The Sri Lankan state's continuing human rights violations post-conflict provided "credible allegations of crimes against humanity against the Tamil population in the Northern Province", concludes a damning 90-page report by Sri Lanka Campaign for Peace and Justice.

Analysing the post-conflict period of May 2009 to December 2013, the report finds "credible allegations that, since May 2009, agents and individuals acting on behalf of the government of Sri Lanka committed multiple underlying acts of rape and sexual violence, torture, other inhuman acts, imprisonment, murder, enforced disappearance and persecution against Tamils from the Northern Province of Sri Lanka", that the report added, "would cumulatively constitute an attack directed against the Tamil civilian population of the Northern Province that was widespread and systematic."

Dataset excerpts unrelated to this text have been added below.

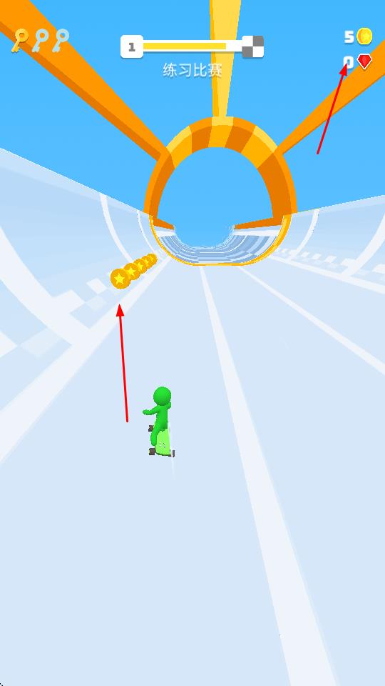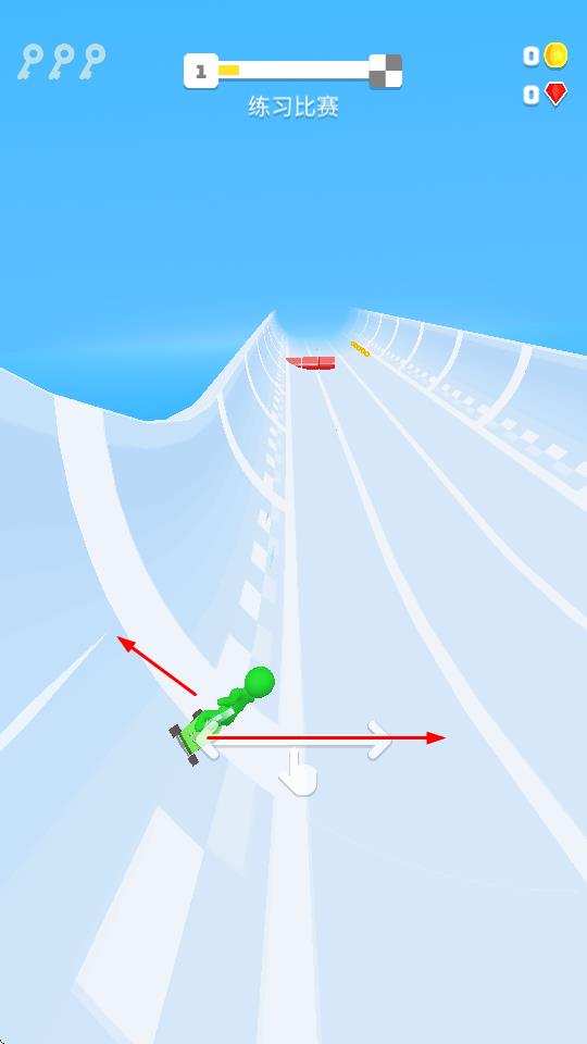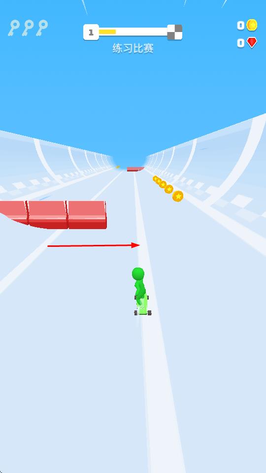 1、“滑板跑酷”,操控绿色小人在“练习比赛”模式下,沿未来感跑道滑板前进,跟随红色箭头指引。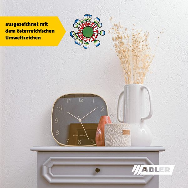 Adler Mineralfarbe ist bestens geeignet zur Beschichtung auf trockenen, festen und tragfähigen Untergründen im Innenbereich wie mineralische Untergründe, Gipskartonplatten und tragfähige Silikatbeschichtungen.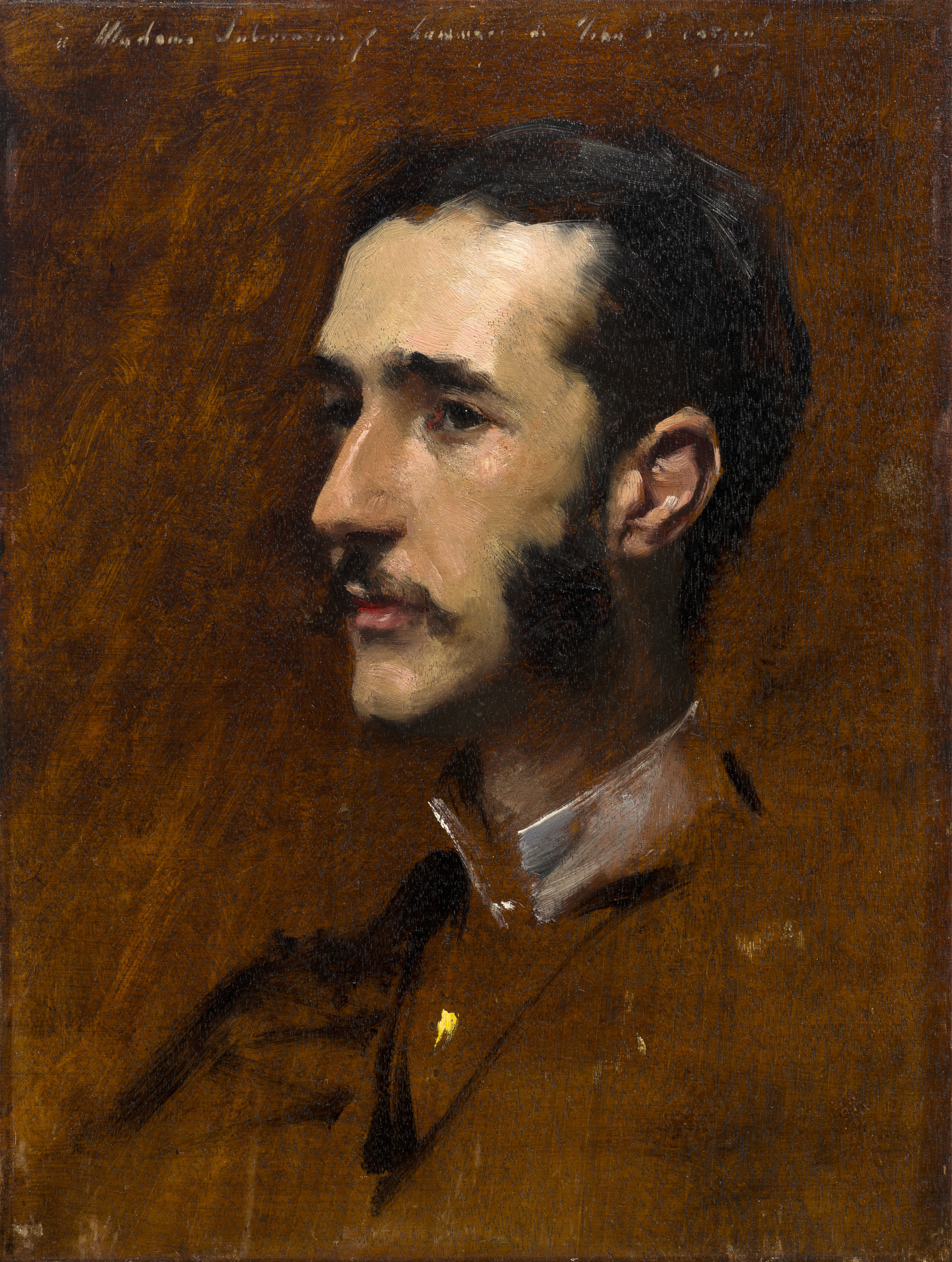 The refined intellect of the sitter is evident in this sensitive portrait. A Chilean diplomat, author, and painter, Ramón Subercaseaux was a member of the artistic set that was Sargent's preferred clientele. Early in Sargent's career, Subercaseaux commissioned a full-length portrait of his wife, which won Sargent one of his first medals at the Paris Salon in 1881. The inscription dedicates the work to Subercaseaux's wife.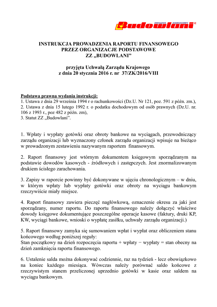 INSTRUKCJA PROWADZENIA RAPORTU FINANSOWEGO PRZEZ ORGANIZACJE PODSTAWOWE ZZ „BUDOWLANI” przyjęta Uchwałą Zarządu Krajowego z dnia 20 stycznia 2016 r. nr 37/ZK/2016/VIII Podstawa prawna wydania instrukcji: 1. Ustawa z dnia 29 września 1994 r o rachunkowości (Dz.U. Nr 121, poz. 591 z późn. zm.), 2. Ustawa z dnia 15 lutego 1992 r. o podatku dochodowym od osób prawnych (Dz.U. nr. 106 z 1993 r., poz 482 z późn. zm), 3. Statut ZZ „Budowlani”. 1. Wpłaty i wypłaty gotówki oraz obroty bankowe na wyciągach, przewodniczący zarządu organizacji lub wyznaczony członek zarządu organizacji wpisuje na bieżąco w prowadzonym zestawieniu nazywanym raportem finansowym. 2. Raport finansowy jest wtórnym dokumentem księgowym sporządzanym na podstawie dowodów kasowych - źródłowych i zastępczych. Jest znormalizowanym drukiem ścisłego zarachowania. 3. Zapisy w raporcie powinny być dokonywane w ujęciu chronologicznym – w dniu, w którym wpłaty lub wypłaty gotówki oraz obroty na wyciągu bankowym rzeczywiście miały miejsce. 4. Raport finansowy zawiera pieczęć nagłówkową, oznaczenie okresu za jaki jest sporządzany, numer raportu. Do raportu finansowego należy dołączyć właściwe dowody księgowe dokumentujące poszczególne operacje kasowe (faktury, druki KP, KW, wyciągi bankowe, wnioski o wypłatę zasiłku, uchwały zarządu organizacji.) 5. Raport finansowy zamyka się sumowaniem wpłat i wypłat oraz obliczeniem stanu końcowego według poniższej reguły: Stan początkowy na dzień rozpoczęcia raportu + wpłaty − wypłaty = stan obecny na dzień zamknięcia raportu finansowego. 6. Ustalenie salda można dokonywać codziennie, raz na tydzień - lecz obowiązkowo na koniec każdego miesiąca. Wówczas należy porównać saldo końcowe z rzeczywistym stanem przeliczonej uprzednio gotówki w kasie oraz saldem na wyciągu bankowym. 7. Oryginał zamkniętego w danym miesiącu raportu finansowego wraz z załącznikiem w postaci dołączonych dokumentów należy przechowywać w zarządzie organizacji podstawowej co najmniej przez 7 lat. 8. Kopię zamkniętego w danym miesiącu raportu finansowego (bez załączników) należy przekazać do właściwego Biura Zarządu Okręgu w terminie do 10 dnia następnego miesiąca. Biuro Zarządu Okręgu po zebraniu raportów finansowych przekazuje je niezwłocznie do Biura Zarządu Krajowego. 9. Zarząd organizacji podstawowej jest zobowiązany do bezzwłocznego okazania ww. dokumentów księgowych na polecenie: − komisji rewizyjnej funkcjonującej w organizacji podstawowej, − okręgowej komisji rewizyjnej, − Głównej Komisji Rewizyjnej, − upoważnionego pracownika Biura Zarządu Krajowego. 10. Niestosowanie się przez zarząd organizacji podstawowej do Instrukcji prowadzenia raportu finansowego może skutkować: − zawieszeniem w prawach zarządu organizacji podstawowej, − wykreśleniem organizacji podstawowej z Krajowego Rejestru Związku Zawodowego „Budowlani”. 11. Informacji nt. prowadzenia raportu finansowego przez organizacje podstawowe udziela Księgowość Związku Zawodowego „Budowlani”: Związek Zawodowy „Budowlani” ul. Mokotowska 4/6, 00-641 Warszawa, e-mail: [email protected], tel.: 22-825-60-63.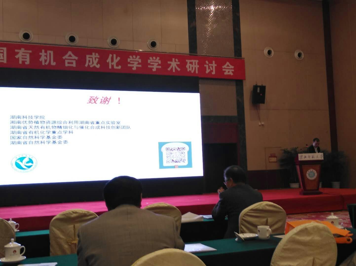 何卫民在报告中介绍了该课题组的主要工作,然后从水相炔烃绿色官能化反应、水相氮杂环化合物官能化反应等方面进行了工作阐述。报告结束后,何卫民与参会专家学者进行了深入交流与讨论,分享了最新研究成果,探讨绿色有机合成及其产业化研究新思路,为之后学校间的学术交流奠定了基础。此外,由我校教师左文设计、彭莎和王峥制作的学术墙报,不仅展示我校在绿色化学研究领域的成果,还将永州的风景名胜呈现给与会嘉宾,受到了与会专家的一致好评。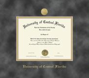 University of Central Florida Diploma - MA/PhD Frame with Medallion and Grey Suede and Gold Double Mat and Gold Embossing(Approximate frame size 19 x 22 inches)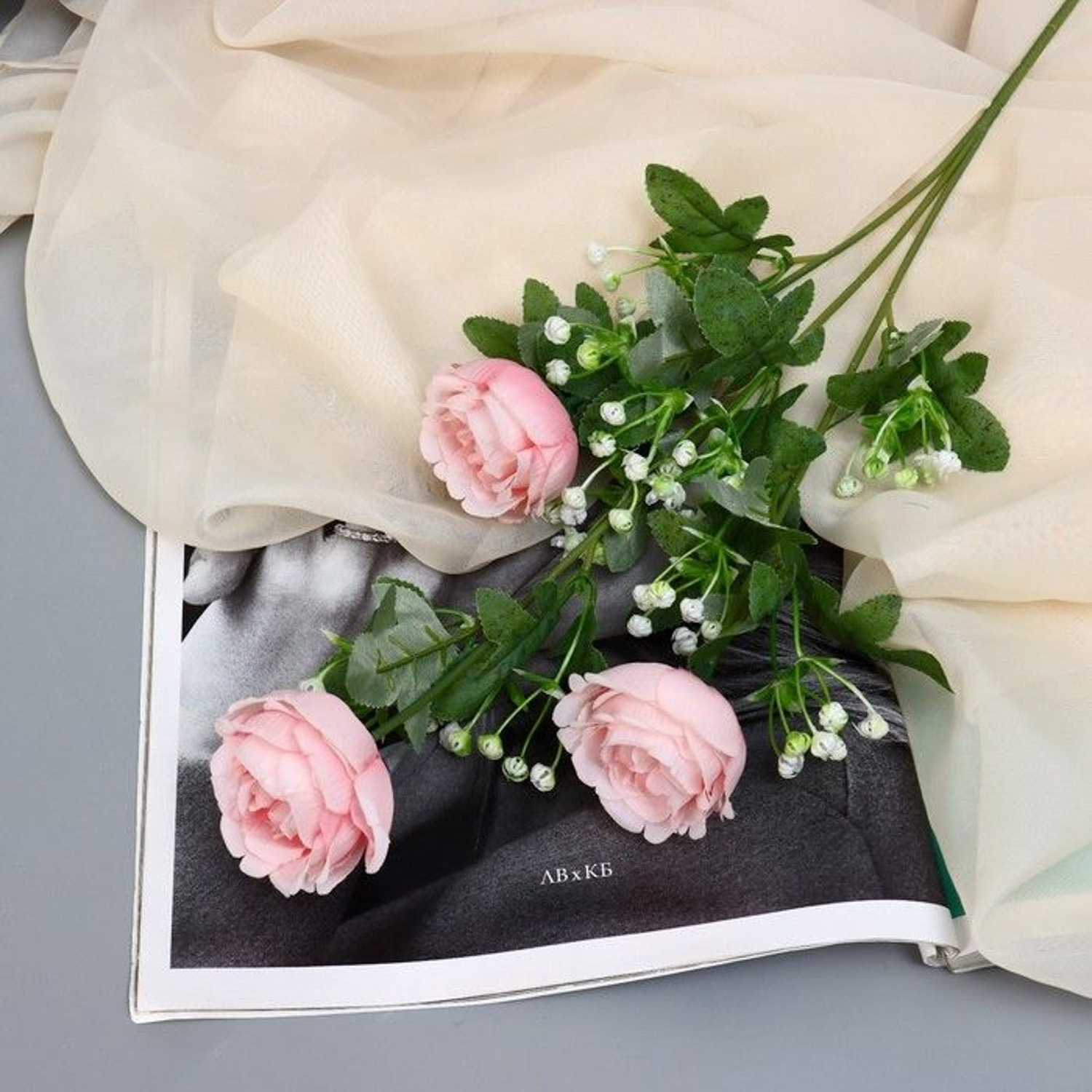 Цветы искусственные "Роза Амория" 7х62 см, светло-розовый  9222790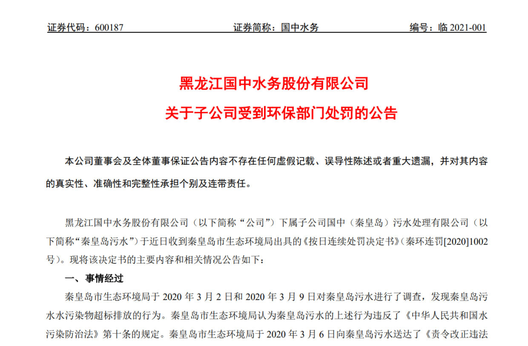 11月25日,國中水務(600187.SH)發(fā)布公告稱,其下屬子公司榮縣國中水務有限公司(下稱“榮縣國中水務”)因為“進水超標導致的出水超標及執(zhí)行標準認定問題”,被罰共計85.70萬元。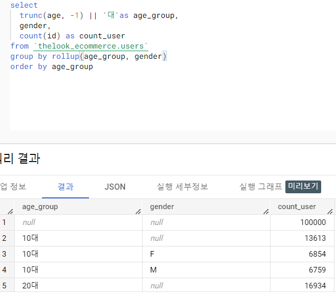 > 집계된 데이터에서 그룹별 소계, 총계를 구하기 위해 사용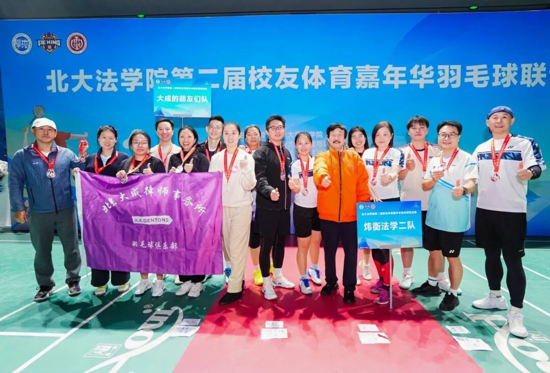 经过激烈角逐,炜衡法学一队夺得团体冠军、体育部队夺得团体亚军、炜衡法学二队夺得团体季军。北京大学法学院党委书记唐金楠、北京市大学生体育协会羽毛球分会秘书长李志贵分别为获奖队伍颁发奖牌。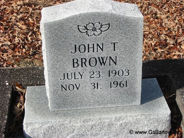 | Brown, John T. | Jul 23, 1903 | Nov 31, 1961 | |

See here for full report. (See Part III for details of credible allegations of rape, torture, other inhuman acts, imprisonment, murder, enforced disappearances and persecution that have occurred during the post-conflict period.)

Calling on member states at the UN Human Rights Council to "mandate international commission of inquiry", the report outlined at least four strategies that it said were pursued by the the Sri Lankan government within a "policy to centralize control over all aspects of Tamil civil and political life in the Northern Province and repress the pursuit of Tamil political aspirations":

- Targeting members of the population having had connections with, or perceived as having had connections with, the LTTE; and those espousing or perceived as espousing Tamil nationalist claims;

- Targeting members of the population involved in or perceived as being involved in mobilizing international opinion on accountability issues and human rights issues concerning Tamils in Sri Lanka;

- Targeting members of the population defiant of, or perceived as being defiant of, the government and military, and those involved in protests against the government and military; and

- Establishing a heavy and permanent military presence in the Northern Province, including through the mass appropriation of private lands.

Pointing to Sri Lanka's "highly centralized nature of the government apparatus, the consolidation of power in the Rajapaksa family, and the structured military hierarchy," the report concluded that the strategy of targeting these four key groups in order to repress Tamil political aspirations was "devised and planned at the highest levels of the Sri Lankan Government and military hierarchy".